Three categories of context that don’t live in project files:

Domain semantics: What nulls mean. What “active” means. What the business considers a valid order vs. a test order.
Project inventory: Which shared assets exist and should not be recreated.
Layer rationale: Why intermediate models exist, what business logic they encapsulate, and which marts should source from them.

What Actually Helps

CLAUDE.md with explicit prohibitions. “Don’t recreate existing shared dimensions. Existing assets: dim_date at marts/common/dim_date, dim_customers at marts/customers/dim_customers.” “Always use left joins when joining to enrichment tables; our CRM data has gaps.” These don’t require the AI to understand the business — they encode the correct choice explicitly.

Project documentation on existing assets. A model description that says “Shared date dimension. Use this model rather than building your own date scaffolding” gives the agent information it needs to not recreate it. The documentation can substitute for AI business understanding when it’s specific and explicit enough.

Structural review, not just syntax review. When reviewing AI-generated dbt models, check the join types deliberately. Check which layer the model is sourcing from. Check whether any logic being implemented already exists in an intermediate model. These aren’t things you’d normally need to check when writing the code yourself — they’re things you need to check specifically because of how AI makes decisions.

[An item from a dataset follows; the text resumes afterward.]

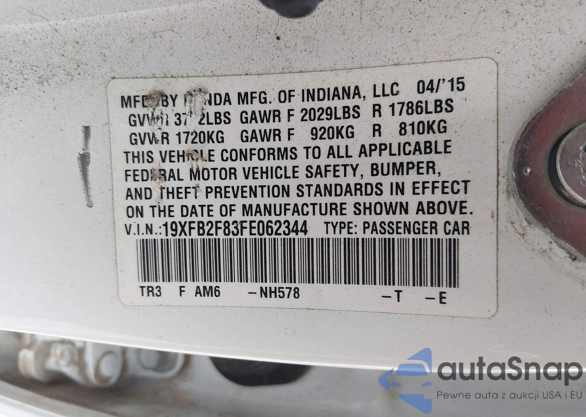 LOT: 43945870 VIN: 19XFB2F83FE062344

Tests that catch silent filtering. A test that validates row counts against a known baseline — or a not_null test on a column that should never be null but might be silently filtered by an inner join — catches the wrong-join failure before it reaches production. dbt Testing Strategy by Layer covers where to add these.

Starting smaller. The case study involved building an entire dbt project end-to-end. That scope amplifies judgment failures — each wrong decision compounds with others. Having AI build individual models, in the context of an existing project where the layer structure already exists and intermediate models are already in place, gives it less room to make architectural choices incorrectly.

Operating Range

AI is reliable at pattern replication, boilerplate generation, multi-file edits, and iterative debugging. It is unreliable for architectural judgment when it lacks business context. The productive division is for humans to make architectural decisions — which layer to source from, whether a shared asset exists, which join type is correct — and for AI to implement those decisions. This is narrower than “build me a dbt project end-to-end,” but the implementation work (model SQL, YAML generation, test execution, compilation debugging) is where AI saves the most time with the least risk.